TK-17 Arkhangelsk (Typhoon #5)
 19 February 1988: Entered 18th division (Zapadnaya Litsa) NOR.
 September 1991, damaged after a SLBM exploded in the launch silo.
 8 January–9 November 2002: Refit at Sevmash.
 In July 2002, crew petitioned Main Navy Headquarters to adopt the name Arkhangel'sk (renamed on 18 November 2002).
 Commander: 2002-2003 V. Volkov.
 17 February 2004: Took part in military exercises with President Vladimir Putin aboard.
 Decommissioned in 2006 and preserved. The decision about its dismantling still has not been made. Apparent proposal to convert to cruise missile role being considered in 2019 but deemed unlikely.

TK-20 Severstal (Typhoon #6)
 28 February 1990: Entered 18th division (Zapadnaya Litsa), NOR.
 25 August 1996: Successfully launched SLBM
 November 1996: Successfully launched SLBM from the North Pole.
 24 July 1999: Took part in parade on Navy Day in Severomorsk, NOR.
 November–December 1999 – distant cruise.
 2001: named to Severstal.
 June 2001–December 2002: Repairs at Sevmash.
 Commander: A. Bogachev (2001).
 Decommissioned in 2004 or 2013 and preserved. The decision about its dismantling still has not been made. Apparent proposal to convert to cruise missile role being considered in 2019 but deemed unlikely.

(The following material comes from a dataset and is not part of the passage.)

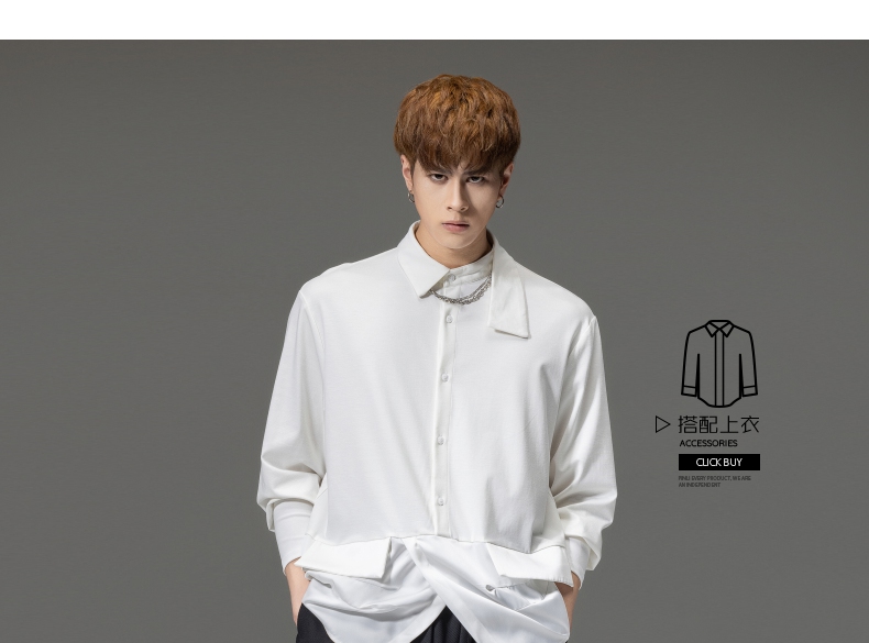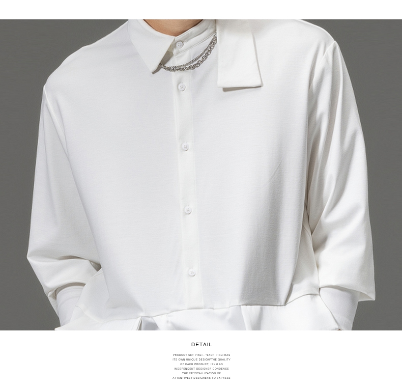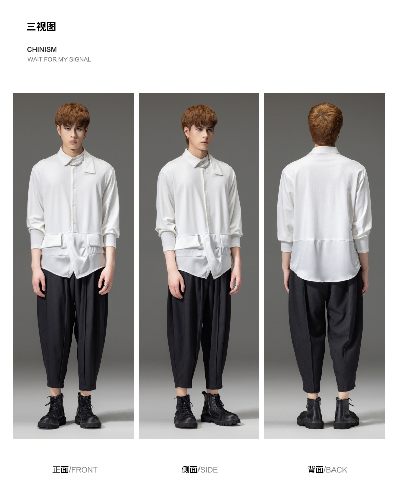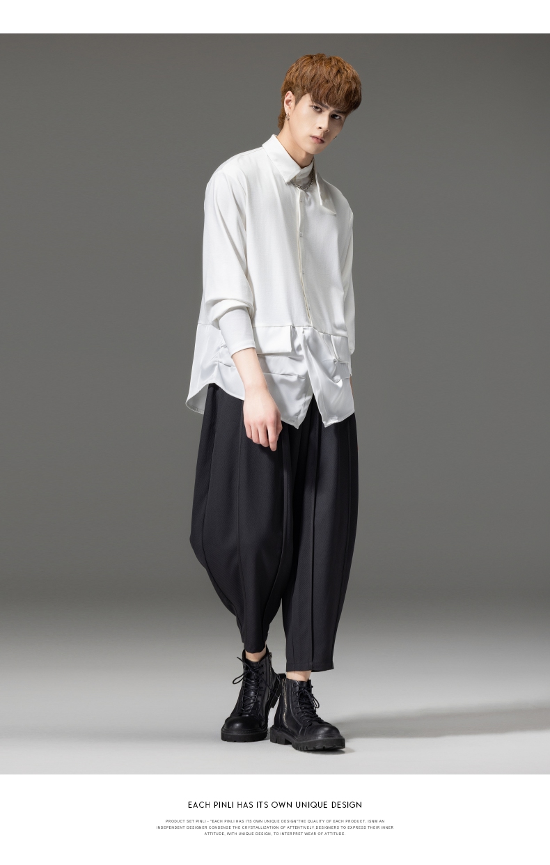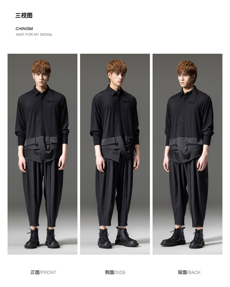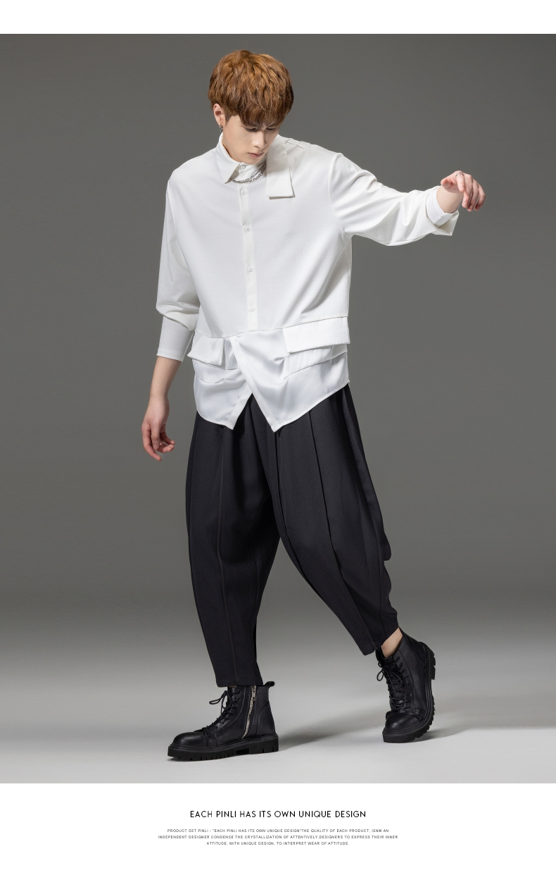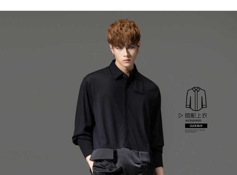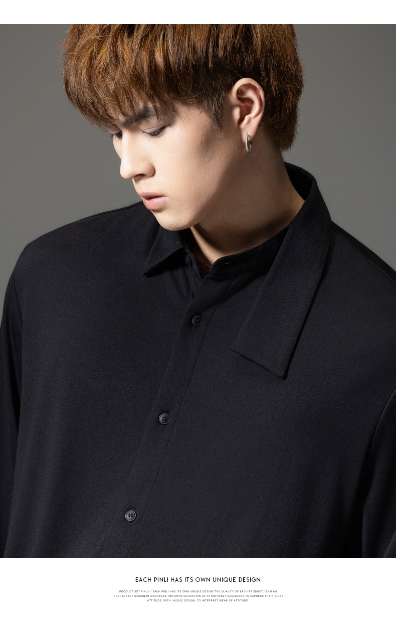 PINLI品立裁魂秋季新品尖领纯色长袖衬衫拼接休闲潮牌男衬衣BC233113005

Notable appearances in media

Probably the best-known fictional Typhoon-class submarine is the stealth-equipped Red October (Ru:Красный Oктябрь), the subject of the Tom Clancy novel The Hunt for Red October and its 1990 movie adaptation, starring Sean Connery as the fictional Captain Marko Ramius.

The 2001 documentary Mission Invisible about the Russian submarine Severstal was produced by Corona Films for Discovery Channel with the participation of ZED, France 5, ZDF, RTBF, TV5 Monde and the Scottish Screen Fund.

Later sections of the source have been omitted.